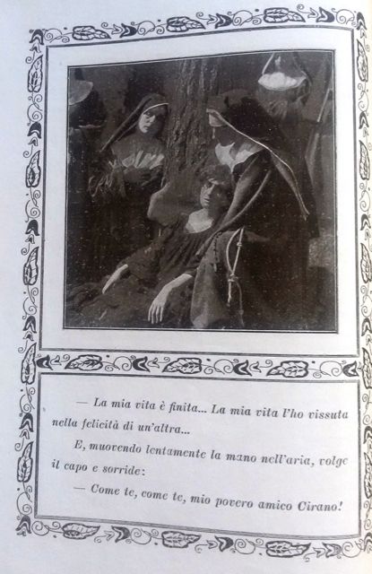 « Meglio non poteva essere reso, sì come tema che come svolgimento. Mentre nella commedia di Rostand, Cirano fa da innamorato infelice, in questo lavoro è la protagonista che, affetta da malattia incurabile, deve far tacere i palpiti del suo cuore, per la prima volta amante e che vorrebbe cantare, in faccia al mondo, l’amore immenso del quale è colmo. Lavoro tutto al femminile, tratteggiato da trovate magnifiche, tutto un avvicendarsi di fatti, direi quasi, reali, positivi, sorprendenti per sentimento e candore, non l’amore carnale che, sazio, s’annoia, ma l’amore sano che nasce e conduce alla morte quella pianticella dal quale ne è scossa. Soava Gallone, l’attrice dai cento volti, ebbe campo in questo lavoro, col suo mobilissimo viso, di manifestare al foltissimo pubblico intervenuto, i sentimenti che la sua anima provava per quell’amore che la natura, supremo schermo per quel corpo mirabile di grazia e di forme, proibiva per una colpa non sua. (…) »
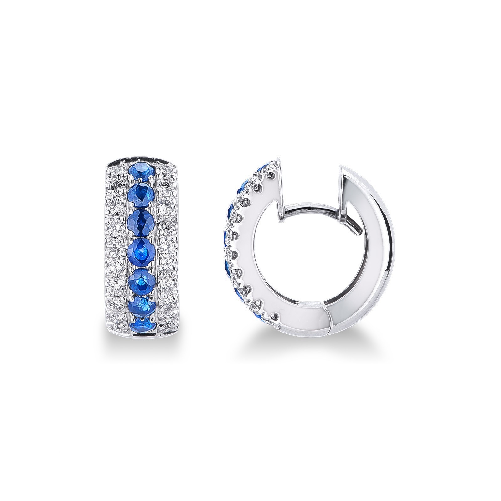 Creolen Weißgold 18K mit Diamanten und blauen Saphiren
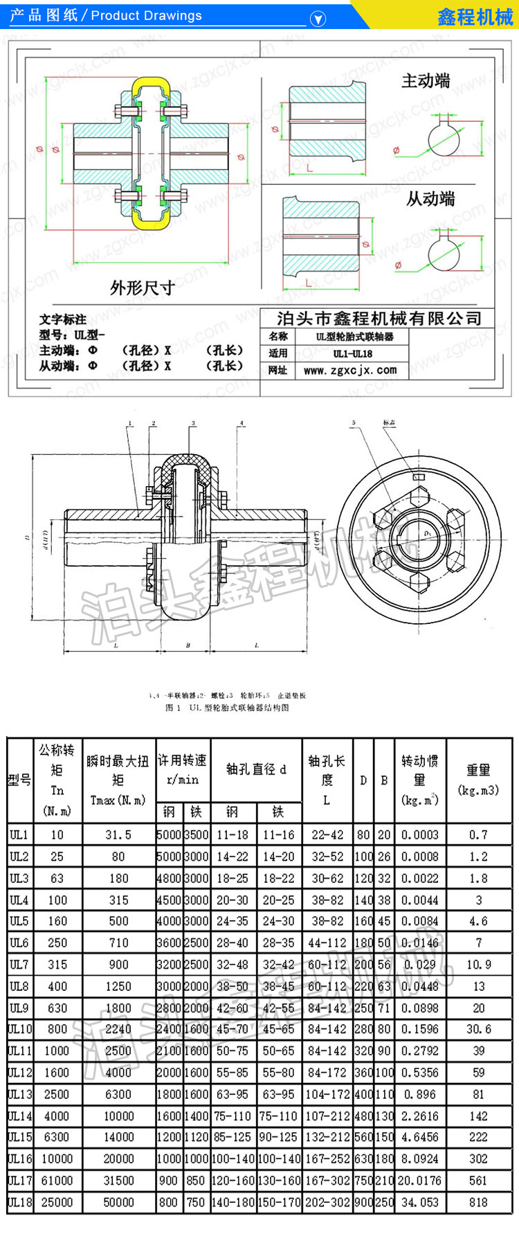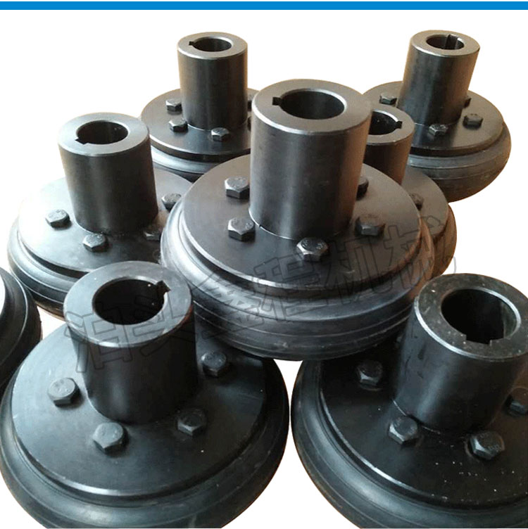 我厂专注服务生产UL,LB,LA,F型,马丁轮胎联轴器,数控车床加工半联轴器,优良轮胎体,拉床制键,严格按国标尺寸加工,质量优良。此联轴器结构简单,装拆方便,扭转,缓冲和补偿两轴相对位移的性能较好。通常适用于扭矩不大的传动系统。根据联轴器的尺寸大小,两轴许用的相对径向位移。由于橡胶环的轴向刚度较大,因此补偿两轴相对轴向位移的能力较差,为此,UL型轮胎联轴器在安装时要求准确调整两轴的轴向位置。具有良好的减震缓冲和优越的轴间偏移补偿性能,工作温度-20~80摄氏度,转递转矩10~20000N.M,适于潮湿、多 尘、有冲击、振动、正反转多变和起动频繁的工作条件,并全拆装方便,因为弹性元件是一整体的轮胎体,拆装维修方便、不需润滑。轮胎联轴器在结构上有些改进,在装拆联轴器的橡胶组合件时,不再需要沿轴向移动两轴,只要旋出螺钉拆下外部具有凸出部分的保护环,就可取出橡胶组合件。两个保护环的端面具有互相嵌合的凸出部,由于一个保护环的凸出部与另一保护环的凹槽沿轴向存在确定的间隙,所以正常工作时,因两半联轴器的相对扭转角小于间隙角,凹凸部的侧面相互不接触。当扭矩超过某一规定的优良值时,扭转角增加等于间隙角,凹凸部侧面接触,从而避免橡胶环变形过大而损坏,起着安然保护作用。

▬▬▬

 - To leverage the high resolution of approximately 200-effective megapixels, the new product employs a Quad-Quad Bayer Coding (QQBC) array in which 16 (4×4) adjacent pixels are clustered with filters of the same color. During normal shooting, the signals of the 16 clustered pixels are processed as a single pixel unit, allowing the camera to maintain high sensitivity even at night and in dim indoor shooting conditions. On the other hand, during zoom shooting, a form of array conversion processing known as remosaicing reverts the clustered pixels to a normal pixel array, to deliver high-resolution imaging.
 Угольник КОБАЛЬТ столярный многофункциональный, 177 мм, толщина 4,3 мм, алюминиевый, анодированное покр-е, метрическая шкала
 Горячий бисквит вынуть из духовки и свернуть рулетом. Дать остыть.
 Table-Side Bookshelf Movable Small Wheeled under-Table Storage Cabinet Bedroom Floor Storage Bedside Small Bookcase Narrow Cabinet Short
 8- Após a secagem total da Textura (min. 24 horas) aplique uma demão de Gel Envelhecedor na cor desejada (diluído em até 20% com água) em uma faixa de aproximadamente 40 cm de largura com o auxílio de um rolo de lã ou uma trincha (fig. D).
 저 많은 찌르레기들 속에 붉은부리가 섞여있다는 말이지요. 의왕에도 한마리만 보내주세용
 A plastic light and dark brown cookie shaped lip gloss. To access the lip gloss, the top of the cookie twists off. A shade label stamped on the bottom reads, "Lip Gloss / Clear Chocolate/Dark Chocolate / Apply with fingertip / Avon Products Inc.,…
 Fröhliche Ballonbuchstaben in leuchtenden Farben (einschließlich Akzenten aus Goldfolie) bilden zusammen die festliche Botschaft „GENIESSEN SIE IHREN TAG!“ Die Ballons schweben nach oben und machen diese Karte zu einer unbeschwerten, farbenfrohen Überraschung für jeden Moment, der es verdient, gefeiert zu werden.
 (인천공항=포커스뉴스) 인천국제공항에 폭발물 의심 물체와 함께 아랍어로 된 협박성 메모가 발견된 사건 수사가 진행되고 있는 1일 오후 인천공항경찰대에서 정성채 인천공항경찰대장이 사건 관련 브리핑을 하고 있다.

▬▬▬

**WHAT YOU ARE ASKED TO DO:**
Your answer should be every line from the material above in which the word "with" appears.

**SOLUTION TO THIS TASK:**
 - To leverage the high resolution of approximately 200-effective megapixels, the new product employs a Quad-Quad Bayer Coding (QQBC) array in which 16 (4×4) adjacent pixels are clustered with filters of the same color. During normal shooting, the signals of the 16 clustered pixels are processed as a single pixel unit, allowing the camera to maintain high sensitivity even at night and in dim indoor shooting conditions. On the other hand, during zoom shooting, a form of array conversion processing known as remosaicing reverts the clustered pixels to a normal pixel array, to deliver high-resolution imaging.
 A plastic light and dark brown cookie shaped lip gloss. To access the lip gloss, the top of the cookie twists off. A shade label stamped on the bottom reads, "Lip Gloss / Clear Chocolate/Dark Chocolate / Apply with fingertip / Avon Products Inc.,…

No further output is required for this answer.